# WHAT THE EXERCISE ASKS:
Your task is to repeat exactly the lines below between the line holding "Poltrona Donna giratória" and the line holding "al aire libre.", inclusive, and only those.

# SUPPLIED MATERIAL:
-------------------------
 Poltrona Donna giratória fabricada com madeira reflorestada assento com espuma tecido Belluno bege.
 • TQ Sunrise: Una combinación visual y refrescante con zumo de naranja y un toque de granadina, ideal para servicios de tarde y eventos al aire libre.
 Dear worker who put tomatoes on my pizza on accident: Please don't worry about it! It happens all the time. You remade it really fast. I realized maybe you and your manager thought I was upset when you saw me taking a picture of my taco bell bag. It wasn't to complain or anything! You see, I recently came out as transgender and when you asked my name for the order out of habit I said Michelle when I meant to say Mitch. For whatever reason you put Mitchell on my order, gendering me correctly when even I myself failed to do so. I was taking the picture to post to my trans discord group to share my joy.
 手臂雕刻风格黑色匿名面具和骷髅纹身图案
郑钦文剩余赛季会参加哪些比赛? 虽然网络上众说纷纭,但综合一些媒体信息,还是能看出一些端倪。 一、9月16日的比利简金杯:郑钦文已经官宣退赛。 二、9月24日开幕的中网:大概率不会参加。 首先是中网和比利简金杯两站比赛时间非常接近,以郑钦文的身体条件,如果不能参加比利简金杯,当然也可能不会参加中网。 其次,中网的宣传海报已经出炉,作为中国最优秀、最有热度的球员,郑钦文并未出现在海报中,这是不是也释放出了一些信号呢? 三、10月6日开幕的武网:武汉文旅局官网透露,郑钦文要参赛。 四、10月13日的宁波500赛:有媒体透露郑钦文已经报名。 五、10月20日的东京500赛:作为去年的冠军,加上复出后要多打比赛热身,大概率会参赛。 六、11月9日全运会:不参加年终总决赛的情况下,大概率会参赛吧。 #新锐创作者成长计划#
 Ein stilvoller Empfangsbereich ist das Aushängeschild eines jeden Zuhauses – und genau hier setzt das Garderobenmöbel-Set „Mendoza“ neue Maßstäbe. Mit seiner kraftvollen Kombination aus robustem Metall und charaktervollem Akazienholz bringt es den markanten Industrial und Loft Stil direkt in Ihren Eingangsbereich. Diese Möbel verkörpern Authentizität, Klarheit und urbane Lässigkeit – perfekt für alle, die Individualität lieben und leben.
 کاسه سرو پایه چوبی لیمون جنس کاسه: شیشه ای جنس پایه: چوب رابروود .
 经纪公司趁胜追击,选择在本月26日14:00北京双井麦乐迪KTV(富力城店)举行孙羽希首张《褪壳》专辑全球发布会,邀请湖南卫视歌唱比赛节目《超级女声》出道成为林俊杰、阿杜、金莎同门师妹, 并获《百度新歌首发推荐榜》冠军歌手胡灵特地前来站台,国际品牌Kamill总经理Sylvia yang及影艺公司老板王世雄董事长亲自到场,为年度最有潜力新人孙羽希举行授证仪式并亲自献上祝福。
-------------------------
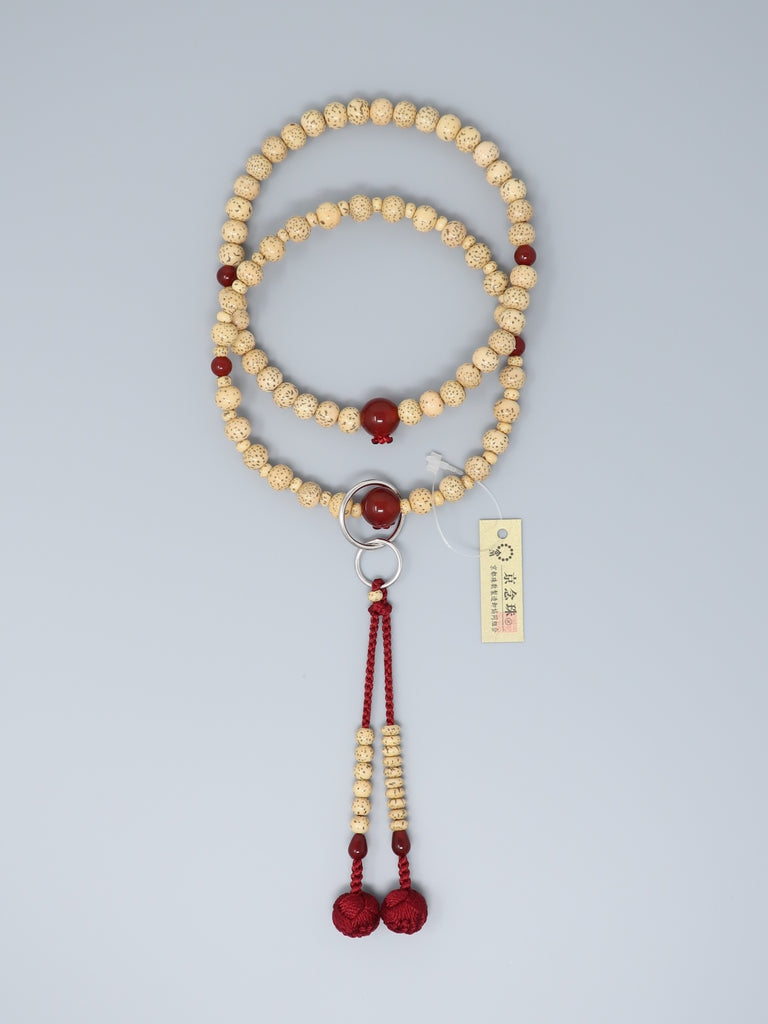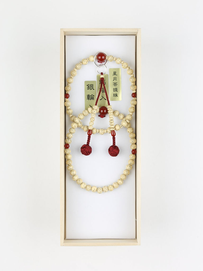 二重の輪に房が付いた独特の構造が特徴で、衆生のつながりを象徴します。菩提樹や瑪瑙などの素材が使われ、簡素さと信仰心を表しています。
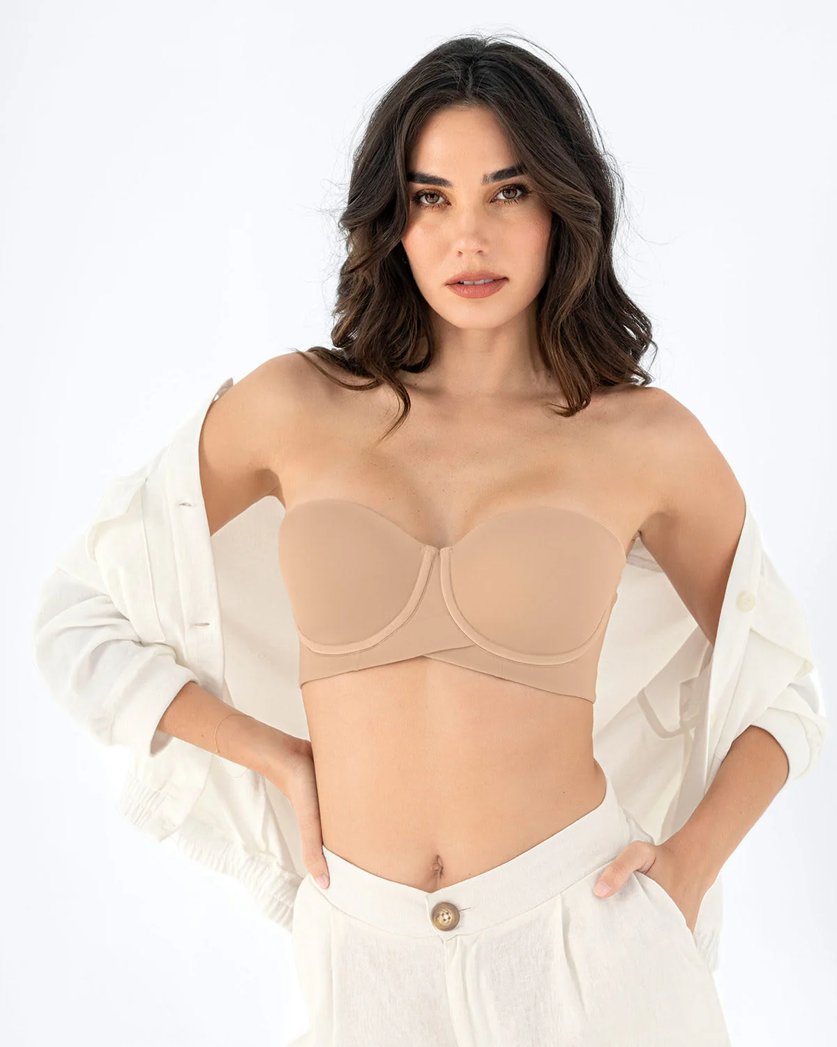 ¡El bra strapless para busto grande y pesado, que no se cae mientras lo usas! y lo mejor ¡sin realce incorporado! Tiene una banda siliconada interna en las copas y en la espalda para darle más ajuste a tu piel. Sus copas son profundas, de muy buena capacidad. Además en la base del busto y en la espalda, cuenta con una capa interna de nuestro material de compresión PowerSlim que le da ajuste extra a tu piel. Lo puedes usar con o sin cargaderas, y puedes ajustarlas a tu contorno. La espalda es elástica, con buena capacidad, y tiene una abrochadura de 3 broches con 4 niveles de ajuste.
-------------------------
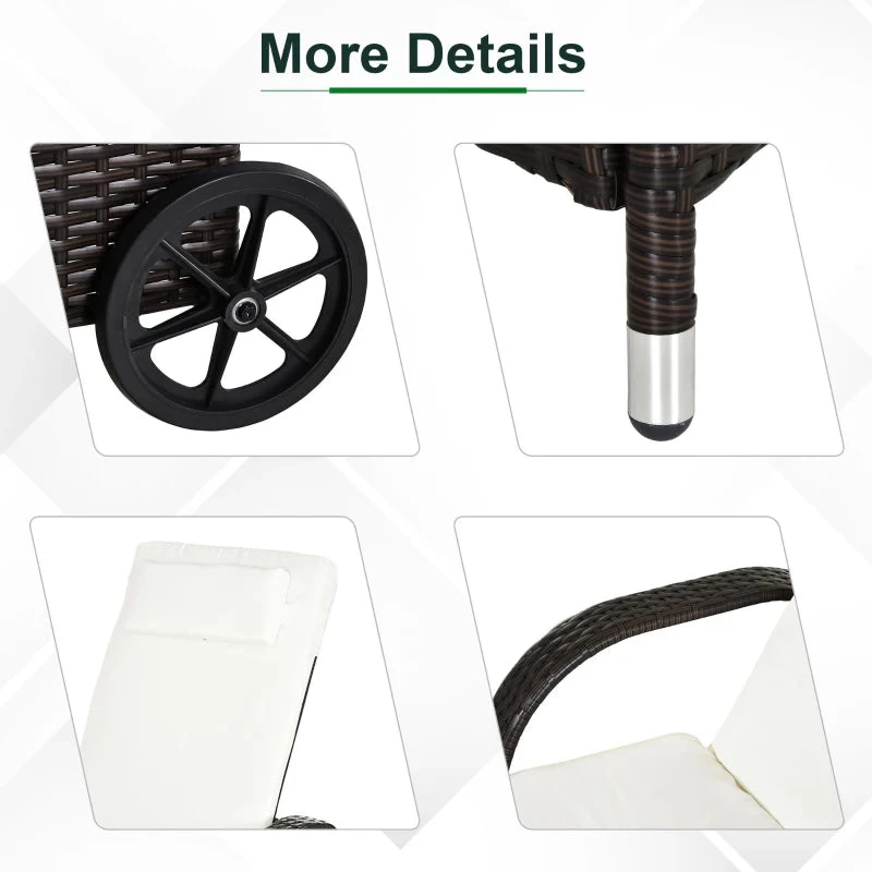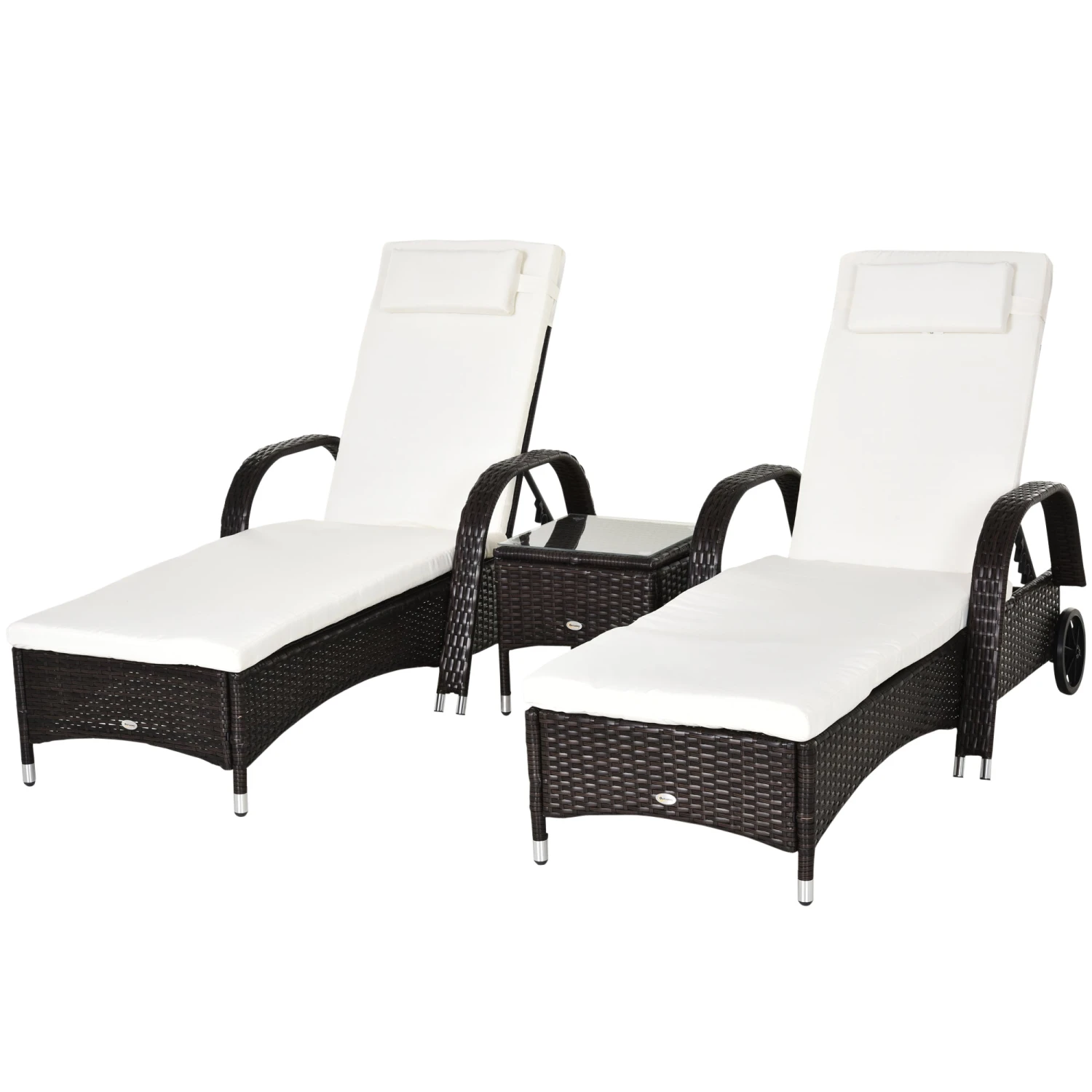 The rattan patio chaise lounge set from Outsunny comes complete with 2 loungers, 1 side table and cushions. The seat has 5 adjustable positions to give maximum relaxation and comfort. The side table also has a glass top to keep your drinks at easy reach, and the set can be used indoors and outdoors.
-------------------------
# WRITTEN SOLUTION:
 Poltrona Donna giratória fabricada com madeira reflorestada assento com espuma tecido Belluno bege.
 • TQ Sunrise: Una combinación visual y refrescante con zumo de naranja y un toque de granadina, ideal para servicios de tarde y eventos al aire libre.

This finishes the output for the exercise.